Interestingly, in this case it is recurrent focal episodes that manifested symptomatically rather than diffuse impairment of cerebral function. Focal infarction may be the end result of the ‘viscous, vicious circle' of a low flow state and red cell aggregation [3]. Apparent blood viscosity is a function of the shear rate of blood. In a low flow state (demonstrated in this case by globally reduced flow velocities on TCD), a low shear rate leads to red cell aggregation, including rouleaux formation, with increased apparent viscosity. This results in reduced cerebral perfusion (see fig. 1 demonstrating global reductions in cerebral blood flow) [4,5]. An increased hematocrit magnifies the effects of low sheer rate resulting in a logarithmic increase in apparent blood viscosity. This triggers a cycle of further reductions in flow and increased red cell aggregation with eventual stasis and thrombus formation.

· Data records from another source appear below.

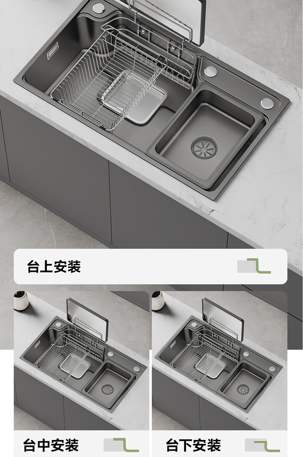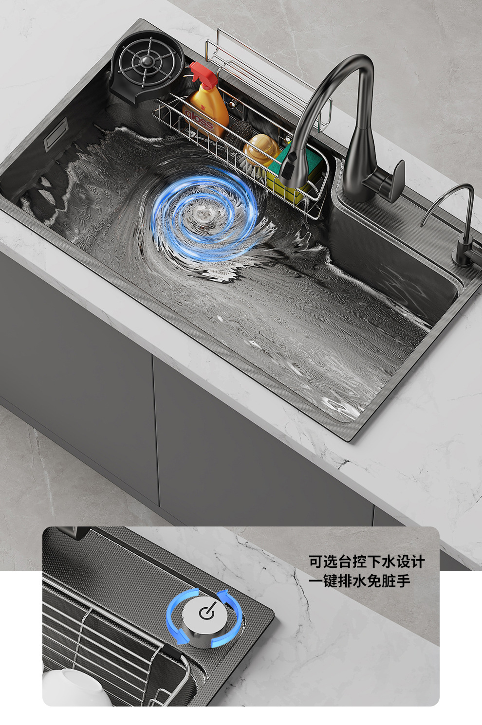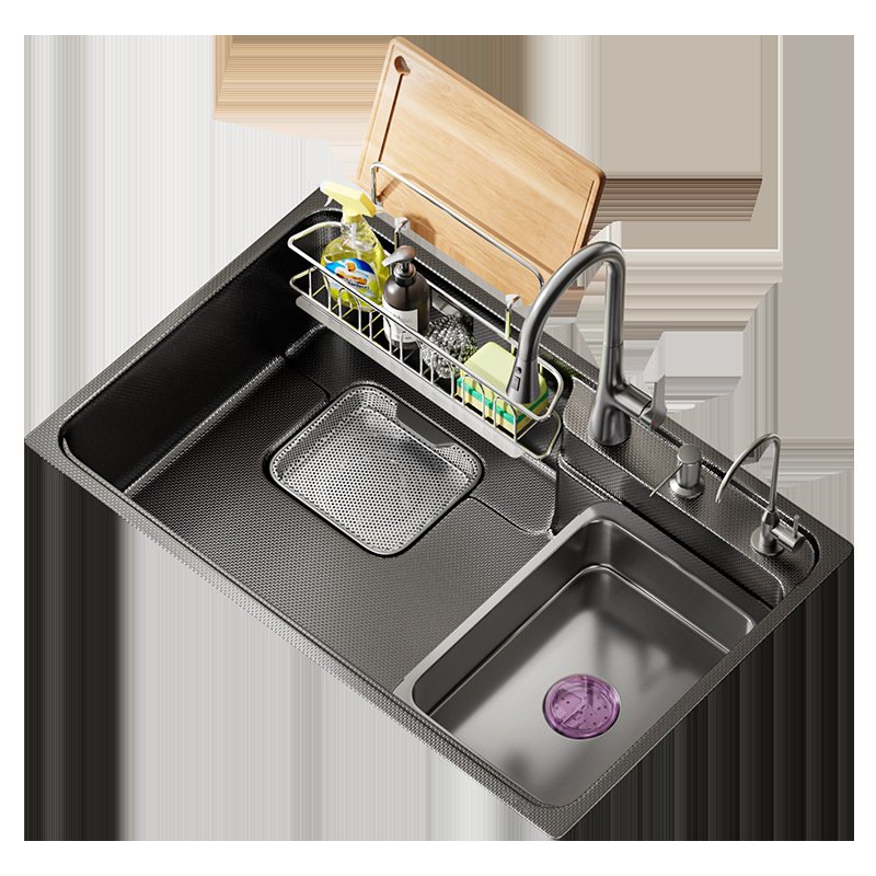 左下水ステンレスキッチンシンク SUS304 ナノガングレー左排水シンク家庭用スラグ集めシンク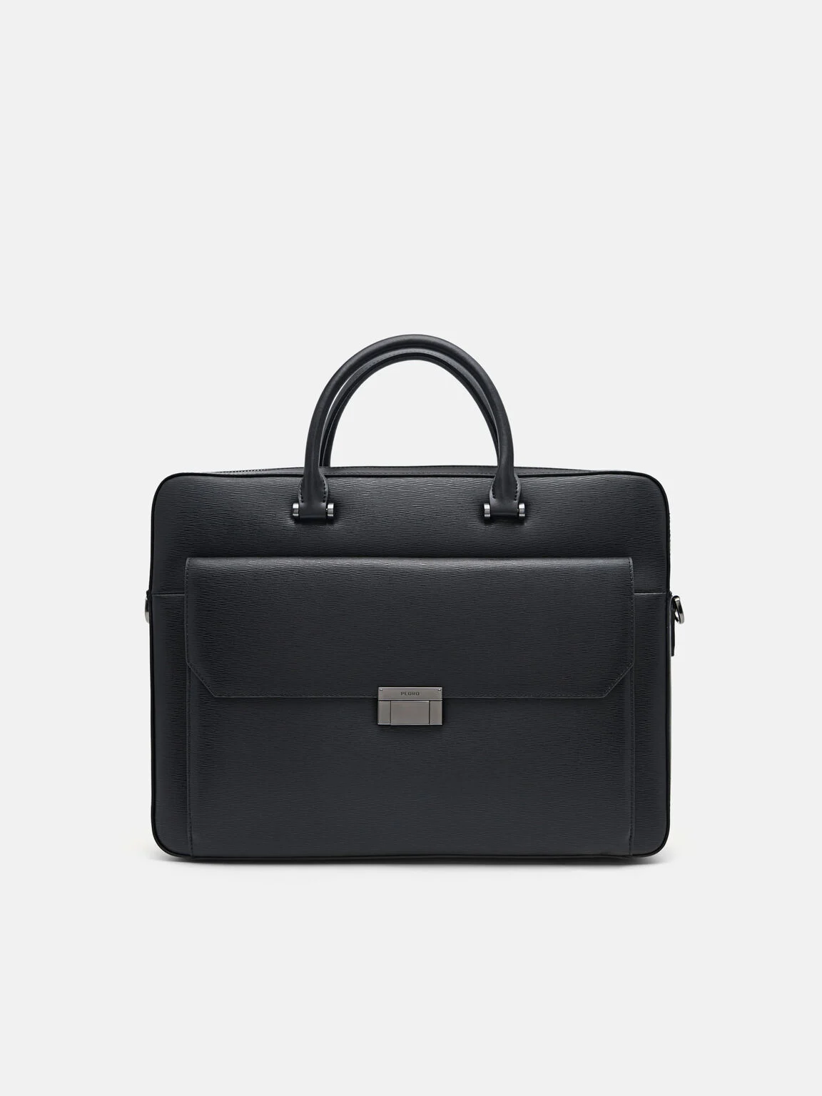 Cặp xách phom chữ nhật phối zip Henry Textured Leather – Đen
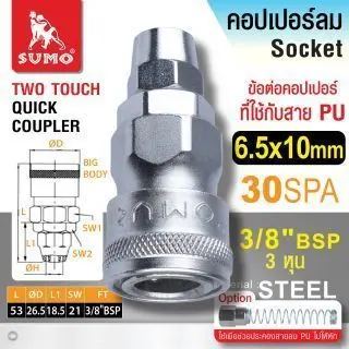 คอปเปอร์ใช้กับสายลม PU 6.5x10mm. (30 SPT) 3/8" BSP 3หุน

The limitation of this case is that the spatial resolution of 3T MRI is insufficient to rule out the traditional causes of lacunar infarction, namely lipohyalinosis or microatheroma. However, the correlation of symptoms with hematocrit, reduced arterial-spin labelling perfusion signal and reduced large artery flow velocities on TCD support the hypothesis that hyperviscosity from AAS-induced polycythemia contributed to the mechanism of acute lacunar infarction in this patient.
Acknowledgements
This research was supported by the National Institute for Health Research (NIHR) Oxford Biomedical Research Centre Programme, the Dunhill Medical Trust (grant No. OSRP1/1006) and the Centre of Excellence for Personalized Healthcare funded by the Wellcome Trust and EPSRC under grant No. WT 088877/Z/09/Z. We wish to acknowledge the facilities provided by the Oxford Acute Vascular Imaging Centre.
Disclosure Statement
Dr. T.W. Okell received royalties from Siemens Healthcare for the licensing of two pending US patents.